We hope that Monday, 14th June, 2021 will be a pivotal day for the UK’s relationship with Palestine. A petition with 129,694 signatures so far has forced a Parliamentary debate that calls on the Government to ‘formally recognise the State of Palestine’.
The Kennington Bethlehem Link has written to our MPs Florence Eshalomi and Neil Coyle to urge them to take part in the debate. Florence Eshalomi (MP for Vauxhall) has registered her interest in speaking during the debate.

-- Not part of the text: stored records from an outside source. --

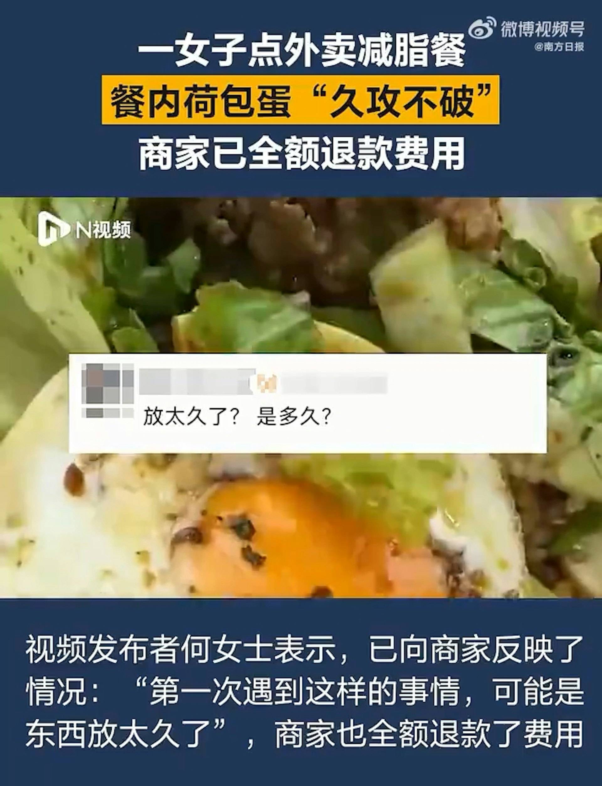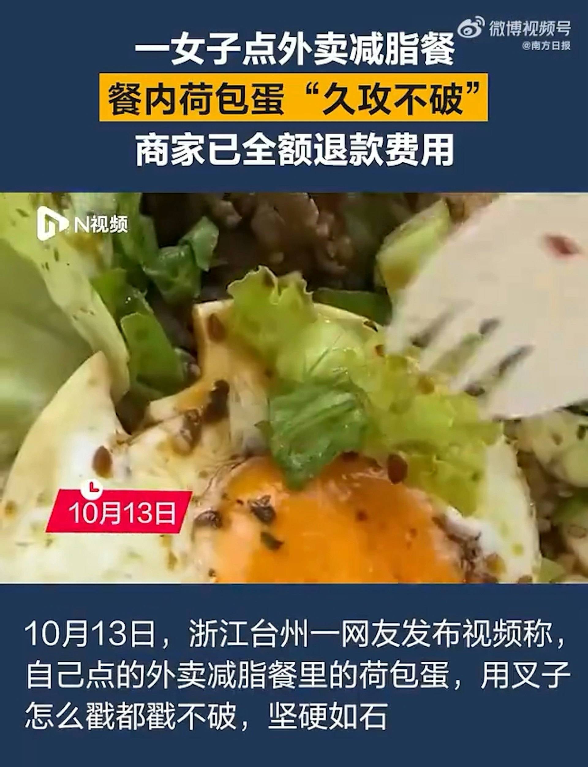 浙江台州一名何姓女子日前叫外賣點了減脂餐,沒想到餐點中的荷包蛋蛋黃竟然堅硬如塑膠,用叉子怎麼戳都戳不破。女子將影片上傳網絡後引發熱議,網民紛紛質疑這顆荷包蛋的真實性,事件發展令人意想不到。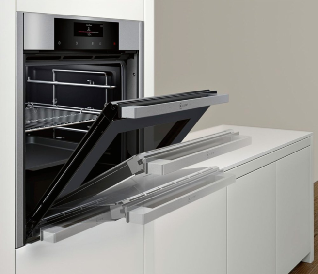 Продукция Компания Neff производит встраиваемую бытовую технику премиум-класса. Особенно удачно она подходит для комплектации кухонь немецких производителей. Духовые шкафы. Встраиваемые духовки Neff снабжены уникальные инновационными функциями: EasyClean — стенки духовки покрыты специальным керамическим составом. Чтобы очистить духовку, нужно просто налить в противень немного воды и включить ее. Горячий пар поможет легко удалить загрязнения. CircoTherm — эта запатентованная технология позволяет одновременно готовить еду на нескольких уровнях без смешивания запахов. NeffLight — уникальная система освещения. Она состоит из специальных ламп на задней стенке и зеркал в дверце, что позволяет освещать каждый уголок духовки. Slide&Hide — после открытия дверцы она может полностью убираться под духовой шкаф. Это экономит место на кухне и облегчает доступ к духовке. Некоторые духовки Neff могут выполнять функции пароварки, гриля и микроволновой печи. Холодильники и морозильные камеры Инновационная функция FreshSafe позволяет дольше сохранять свежесть продуктов благодаря тому, что в камере регулируется температура и влажность. Опция NoFrost не дает льду скапливаться на стенках холодильной или морозильной камеры. Варочные панели Индукционные варочные панели Teff имеют функцию FlexInduction. Вы можете поставить кастрюлю в любое место варочной панели, и именно там она будет нагреваться. Управлять приготовлением пищи можно со съемного магнитного пульта TwistPad. Вытяжки Вытяжки Neff полностью автоматизированы — они начинают работать при включении плиты, регулируют свою мощность в зависимости от ситуации на кухне. Есть функция шумоизоляции. Посудомоечные машины Встроенные посудомоечные машины Neff полностью автоматизированы. Машины сама выберет режим мойки в зависимости от степени загрязнения вашей посуды. Машины работают очень тихо на уровне 42 дБ. Это соответствует громкости тихого разговора. Кофемашины В каталоге Neff вы увидите элитные встраиваемые кофемашины с функцией OneTouch. Эта функция позволяем нажатием одной кнопки готовить разнообразные кофейные напитки. Стиральные машины Встраиваемые стиральные машины Neff обеспечивают бережную и экономичную стирку белья. Они экономичны, удобны, почти бесшумны. Приборы Neff имеют функцию Home Connect. Она позволяет дистанционно управлять техникой при помощи мобильного приложения. кулинарные таланты, предоставив широкие еще Вы можете подробно изучить ассортимент Neff в каталоге компании на нашем сайте. Партнеры В России компания появилась в 2005 году. В Казахстане партнером Neff является компания Акапэлл. В наших фирменных магазинах вы можете познакомиться с продукцией компании Neff. Квалифицированные консультанты помогут вам с выбором. Действуют акции и скидки.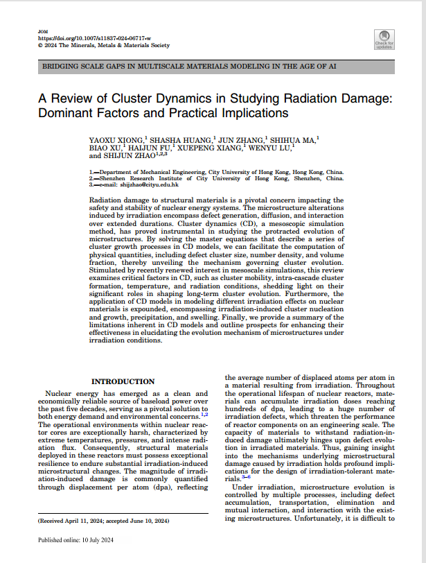 结构材料的辐射损伤是影响核能系统安全与稳定的关键问题。辐照引起的微观结构变化包括缺陷的产生、扩散和长时间的相互作用。聚类动力学(CD)作为一种介观模拟方法,已被证明是研究微观结构长期演化的工具。通过求解CD模型中描述一系列簇生长过程的主方程,我们可以方便地计算物理量,包括缺陷簇大小、数量密度和体积分数,从而揭示控制簇演化的机制。受最近对中尺度模拟的重新关注,本综述研究了CD的关键因素,如簇迁移、级联内簇形成、温度和辐射条件,揭示了它们在形成长期簇演变中的重要作用。此外,还阐述了CD模型在模拟辐照对核材料的不同影响中的应用,包括辐照诱导团簇成核和生长、沉淀和膨胀。最后,我们总结了CD模型固有的局限性,并展望了提高其在阐明辐照条件下微观结构演化机制方面的有效性的前景。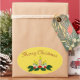 Pegatina oval de fondo amarillo con velas ardiendo en una cama de holly y "Feliz Navidad" escrito en rojo encima de ellos.

We also got in touch with Anas Abu Srour, the director of the Youth Center in Aida Camp, to send our MPs a message ahead of the debate. Here is the moving testimony that Anas sent:
This is a message from a third generation refugee, who was born in a refugee camp in the West Bank and grew up in the shadow of the separation wall in the most teargassed community in the world, and who has always dreamed to live in freedom and dignity. I have been shot twice, once by live ammunition in my abdominal area and once by a rubber bullet in my leg. I have been detained by the Israeli occupation forces for being a political activist at my university. I have been enduring discrimination and humiliation every time I pass by an Israeli checkpoint, or when they raid the camp or my house. I am living in a refugee camp with more than 5,000 people living in an a very small area edged between the separation wall, seven watch towers, and an Israeli military camp. I live less than 0.5 kilometer from an Israeli settlement built on lands occupied since 1967, all of the settlers are immigrants from different European countries. When I studied history, I learned that Britain is one of the main actors that caused the misery we live in today, and is in fact still playing a major role in the continuation of our misery. Last night, after my friend asked me to write something to deliver it to one of the members of the British Parliament, I dreamt that I was London riding the bus to a university where I was doing a master’s degree with a grant from the British government, after they had recognized their mistakes in Palestine, such as the Balfour Declaration and their wrongdoings over the course of the British mandate in Palestine. I hope that one day, I can walk the streets of London and see the Palestinian flag next to a British flag, after Britain has recognized Palestine as a state and finally has given freedom and dignity to the Palestinian people – the indigenous population of what is now Israel. Public opinion worldwide is changing, as people are starting to understand that the Palestinians live under an apartheid system. I hope that you can see this too, and understand that you can play a big role in giving Palestinians a life of dignity and freedom. I hope that I can live the reality of the dream I had last night.